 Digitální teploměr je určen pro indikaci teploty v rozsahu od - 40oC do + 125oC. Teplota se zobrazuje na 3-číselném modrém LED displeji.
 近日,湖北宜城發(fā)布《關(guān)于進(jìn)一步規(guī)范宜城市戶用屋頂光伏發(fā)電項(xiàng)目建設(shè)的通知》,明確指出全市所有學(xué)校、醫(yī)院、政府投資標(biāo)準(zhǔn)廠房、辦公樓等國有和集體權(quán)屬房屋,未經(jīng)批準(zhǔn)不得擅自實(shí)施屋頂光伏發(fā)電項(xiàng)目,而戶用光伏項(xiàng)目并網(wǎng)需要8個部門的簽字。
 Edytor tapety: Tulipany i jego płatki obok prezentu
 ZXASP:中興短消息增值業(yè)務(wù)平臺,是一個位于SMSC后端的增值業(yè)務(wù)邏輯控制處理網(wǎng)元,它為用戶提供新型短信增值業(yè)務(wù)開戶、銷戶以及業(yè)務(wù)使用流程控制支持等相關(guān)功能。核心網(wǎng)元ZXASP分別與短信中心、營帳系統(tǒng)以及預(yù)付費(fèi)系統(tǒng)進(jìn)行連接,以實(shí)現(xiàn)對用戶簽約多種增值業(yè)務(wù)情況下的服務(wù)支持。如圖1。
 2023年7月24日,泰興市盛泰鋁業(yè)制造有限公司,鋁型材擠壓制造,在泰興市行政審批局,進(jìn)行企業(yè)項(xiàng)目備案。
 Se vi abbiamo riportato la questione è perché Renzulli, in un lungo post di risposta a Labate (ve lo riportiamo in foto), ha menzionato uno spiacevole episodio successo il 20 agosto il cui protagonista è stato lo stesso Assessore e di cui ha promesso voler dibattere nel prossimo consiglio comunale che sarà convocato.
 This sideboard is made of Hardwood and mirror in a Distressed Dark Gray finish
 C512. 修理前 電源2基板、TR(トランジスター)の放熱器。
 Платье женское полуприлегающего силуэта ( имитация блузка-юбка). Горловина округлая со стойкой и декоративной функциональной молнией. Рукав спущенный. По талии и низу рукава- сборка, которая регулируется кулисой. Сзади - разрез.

----

What you need to do:
Filtering the entries above by the word "wǎng", copy each line that matches.

Response to the task:
 近日,湖北宜城發(fā)布《關(guān)于進(jìn)一步規(guī)范宜城市戶用屋頂光伏發(fā)電項(xiàng)目建設(shè)的通知》,明確指出全市所有學(xué)校、醫(yī)院、政府投資標(biāo)準(zhǔn)廠房、辦公樓等國有和集體權(quán)屬房屋,未經(jīng)批準(zhǔn)不得擅自實(shí)施屋頂光伏發(fā)電項(xiàng)目,而戶用光伏項(xiàng)目并網(wǎng)需要8個部門的簽字。
 ZXASP:中興短消息增值業(yè)務(wù)平臺,是一個位于SMSC后端的增值業(yè)務(wù)邏輯控制處理網(wǎng)元,它為用戶提供新型短信增值業(yè)務(wù)開戶、銷戶以及業(yè)務(wù)使用流程控制支持等相關(guān)功能。核心網(wǎng)元ZXASP分別與短信中心、營帳系統(tǒng)以及預(yù)付費(fèi)系統(tǒng)進(jìn)行連接,以實(shí)現(xiàn)對用戶簽約多種增值業(yè)務(wù)情況下的服務(wù)支持。如圖1。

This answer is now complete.